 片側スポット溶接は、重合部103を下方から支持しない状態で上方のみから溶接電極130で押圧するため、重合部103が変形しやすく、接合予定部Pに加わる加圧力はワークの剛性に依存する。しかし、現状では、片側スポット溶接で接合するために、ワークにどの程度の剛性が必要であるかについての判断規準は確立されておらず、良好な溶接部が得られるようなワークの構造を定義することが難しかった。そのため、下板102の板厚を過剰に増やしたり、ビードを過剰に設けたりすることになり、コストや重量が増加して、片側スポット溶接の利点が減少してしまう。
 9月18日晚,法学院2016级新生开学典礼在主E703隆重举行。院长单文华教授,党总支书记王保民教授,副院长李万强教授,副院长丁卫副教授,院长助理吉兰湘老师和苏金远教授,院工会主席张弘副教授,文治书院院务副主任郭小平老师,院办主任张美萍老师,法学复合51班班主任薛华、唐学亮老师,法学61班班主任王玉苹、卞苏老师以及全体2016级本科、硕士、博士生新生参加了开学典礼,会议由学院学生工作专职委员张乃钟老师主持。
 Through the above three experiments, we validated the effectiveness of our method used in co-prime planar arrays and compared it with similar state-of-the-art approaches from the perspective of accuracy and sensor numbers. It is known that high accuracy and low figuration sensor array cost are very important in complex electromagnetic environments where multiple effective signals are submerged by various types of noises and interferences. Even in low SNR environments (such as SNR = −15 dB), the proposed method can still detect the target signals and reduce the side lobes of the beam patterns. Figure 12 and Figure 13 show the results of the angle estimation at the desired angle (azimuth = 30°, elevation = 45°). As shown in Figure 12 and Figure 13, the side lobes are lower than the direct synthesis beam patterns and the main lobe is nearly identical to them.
※ ※ ※
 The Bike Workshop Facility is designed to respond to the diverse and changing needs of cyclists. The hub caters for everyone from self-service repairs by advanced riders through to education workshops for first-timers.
※ ※ ※
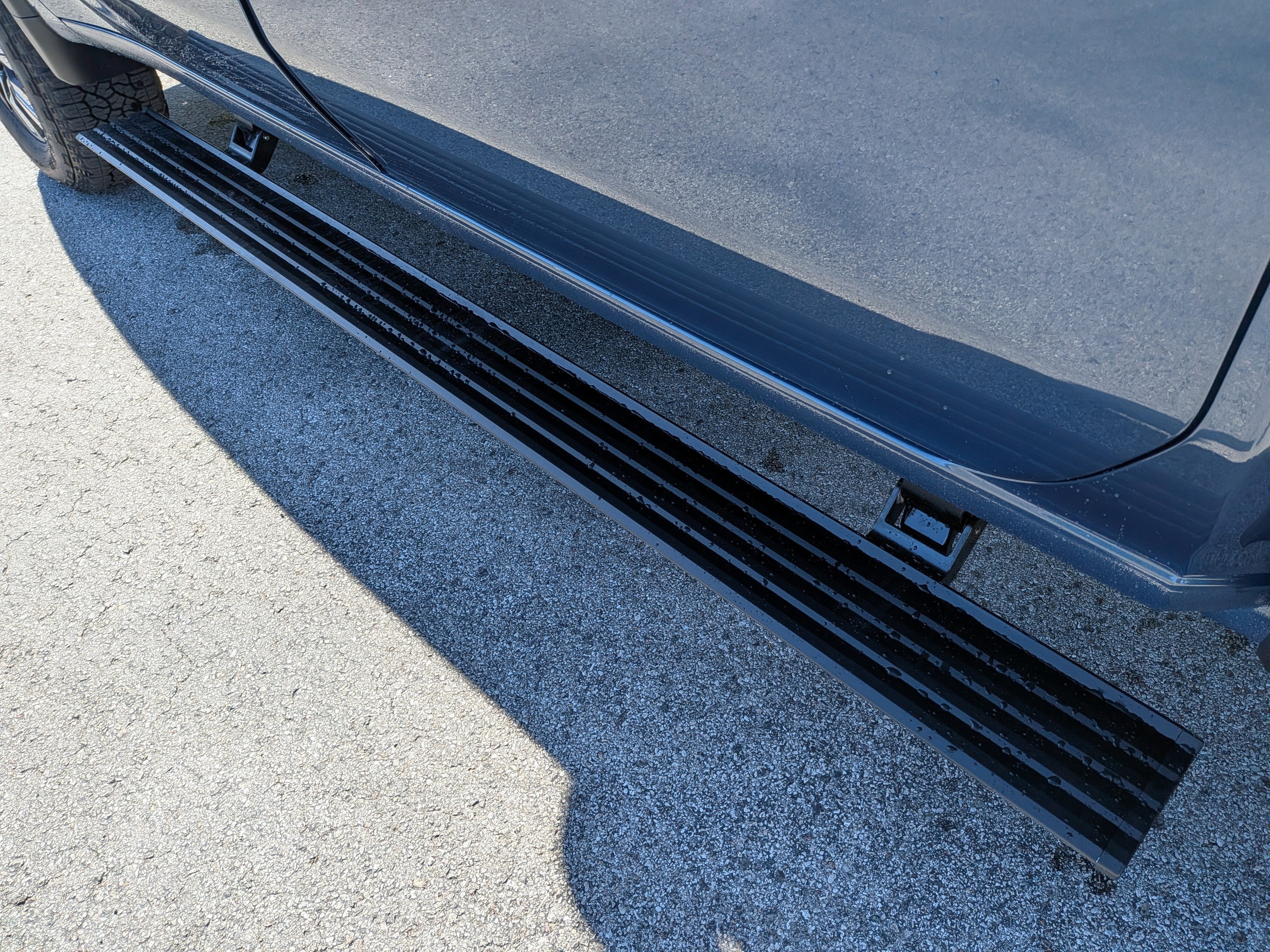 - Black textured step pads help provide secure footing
※ ※ ※
WHAT THE EXERCISE ASKS: Scan the entries above and copy each line where "from" occurs.

WORKED SOLUTION:
 Through the above three experiments, we validated the effectiveness of our method used in co-prime planar arrays and compared it with similar state-of-the-art approaches from the perspective of accuracy and sensor numbers. It is known that high accuracy and low figuration sensor array cost are very important in complex electromagnetic environments where multiple effective signals are submerged by various types of noises and interferences. Even in low SNR environments (such as SNR = −15 dB), the proposed method can still detect the target signals and reduce the side lobes of the beam patterns. Figure 12 and Figure 13 show the results of the angle estimation at the desired angle (azimuth = 30°, elevation = 45°). As shown in Figure 12 and Figure 13, the side lobes are lower than the direct synthesis beam patterns and the main lobe is nearly identical to them.
 The Bike Workshop Facility is designed to respond to the diverse and changing needs of cyclists. The hub caters for everyone from self-service repairs by advanced riders through to education workshops for first-timers.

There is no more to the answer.